Check in Julia that $g'(0)$ matches your expectations by computing the derivative using automatic differentiation:
```jl
using ForwardDiff
dgdλ(λ; r=1.0) = ForwardDiff.derivative(λ -> g(λ; r=r), λ)
```
and evaluating it at `dgdλ(0; r=???)` for two values of `r`: one $r > \Vert \hat{x} \Vert_2$ (so that the constraint is inactive) and one $r < \Vert \hat{x} \Vert_2$ (so that the constraint is active).

(In principle, you could take this derivative by hand using matrix calculus, but it's pretty error-prone.)

**(c)** You can take the *second* derivative of $g(\lambda)$ via AD by:
```jl
d²gdλ²(λ; r=0.5) = ForwardDiff.derivative(λ -> dgdλ(λ; r=0.5), λ)
```
Use this to implement a Newton iteration to maximize $g(\lambda)$ (for $\lambda \ge 0$) by finding a root of $g'(\lambda)$, starting with an initial guess of $\lambda=0$, for $r = 0.5$.  (It should converge in only a few iterations.  The solution should have $\lambda > 0$ in this case because ...?)   To at least 8 significant digits, give the resulting dual optimum $\lambda_*$ and the primal optimum $x_*$ (strong duality holds in this convex problem!), and check that $x_*$ is feasible.

In [None]:
using LinearAlgebra

m = 5
n = 4
A = [ -9   2  -2   3
      -5  -3   9   3
      -1  -6   9  -2
      -3  -4   5   4
      -8   9  -6   4 ]
b = [1,2,3,4,5];

In [None]:
g(λ; r=1) = ???

## Problem 3 (5+5+6 points)

In this problem, you will use ADMM to solve the (primal) optimization problem from problem 2 above, for the parameters from problem 2c, using the equivalent formulation:
$$
\min_{x \in \mathbb{R}^n} \left( \Vert b - Ax \Vert_2^2 + \begin{cases} 0 & \Vert x \Vert_2 \le r \\ \infty & \mbox{otherwise} \end{cases} \right)
$$
where the second term is the "indicator" function of the feasible set (the radius-$r$ ball) as in lecture 24 and section III.4 of the text.

A basic iteration of ADMM consists of 3 steps, as described in class and in the textbook:

1. $x^{(k+1)} = \mbox{arg }\min_x \Vert b - Ax \Vert_2^2  + \frac{\rho}{2} \Vert x - z^{(k)} + s^{(k)} \Vert_2^2$ (for some penalty parameter $\rho > 0$)
2. $z^{(k+1)}$ is the projection of $x^{(k+1)} + s^{(k)}$ onto the *closest* point in the feasible set.
3. $s^{(k+1)} = s^{(k)} + x^{(k+1)} - z^{(k+1)}$

**(a)** Give a closed-form solution for step 1.  (Hint: a problem from pset 3 should be helpful.)

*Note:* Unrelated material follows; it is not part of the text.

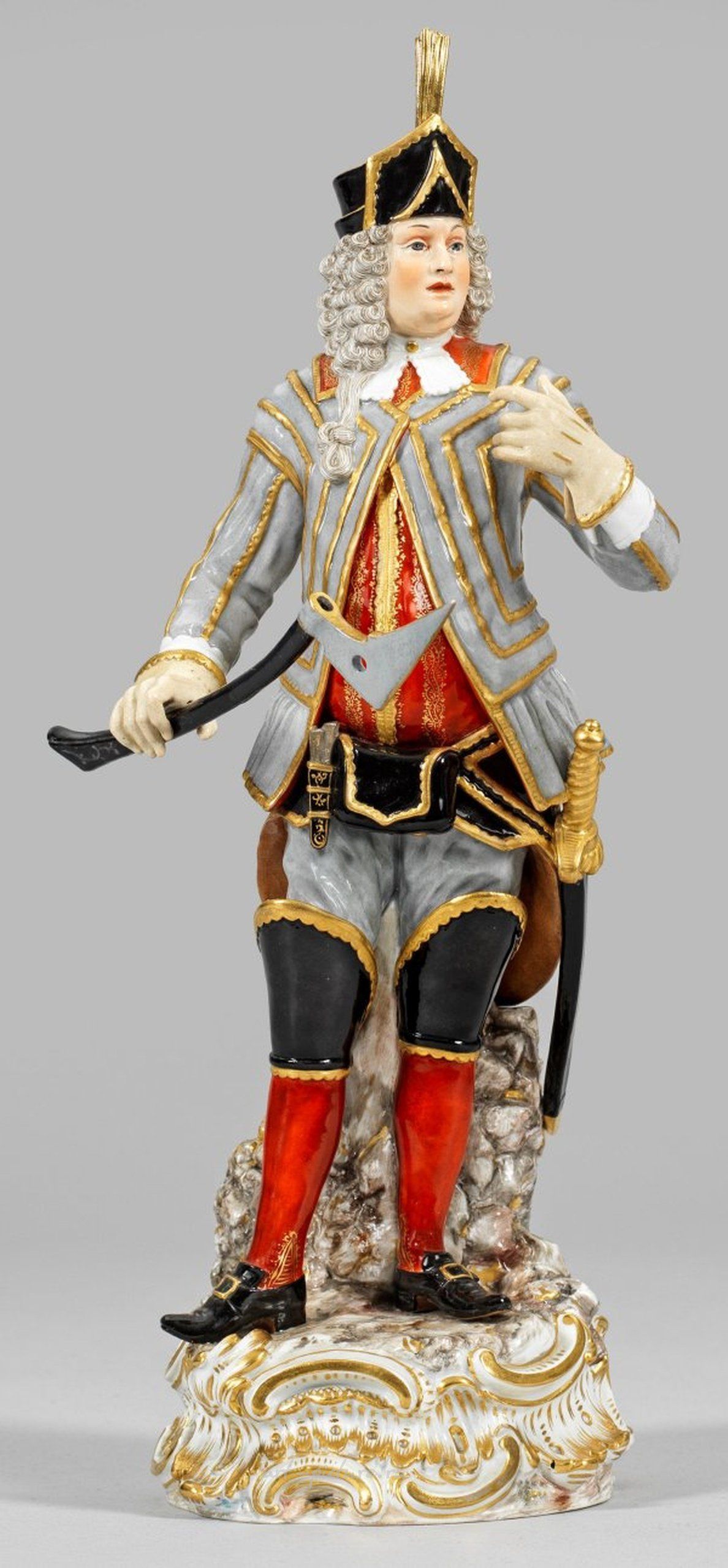 Высокий, ярко выделенный Рокаильский пьедестал. Стоит на скалистой местности, горнорабочий украшен золотым парадным костюмом. Его правая рука поднята, в левой он держит бороду. Волосы покрыты париком с порошком и черной горняцкой шляпой. Вокруг его талии пояс, поясная сумка и меч. Полихромная живопись с золотыми деталями. Возможно, выполнена Паулем Хельмигом в 1896 году. Модельный номер P 188. Некоторое неизвестное восстановление; отметка меча. Высота 33,5 см. Пауль Хельмиг создал серию горнорабочих и групп, вдохновляясь горнорабочими моделями Иоганна Йоахима Кендлера из 18 века. См. Слотте, Каталог фарфора и стекла в Немецком горнодобывающем музее Бохума, номер 32. Фарфоровая фигурка горнодобывающего надзирателя. Незначительно восстановлена. Знак пересеченных мечей. Мейсен. Около 1900 года.

**(b)** Give a closed-form solution for step 2.

**(c)** Implement this iteration in Julia to solve this problem with the parameters from 2c above, starting from $x = z = s = \vec{0}$.   Make a (semi-log) plot of the error $\Vert x^{(k)} - x_* \Vert_2$ versus $k$, where $x_*$ is your solution from 2c, for $\rho = 1$ and $\rho = 10$.  (The error should converge to zero!)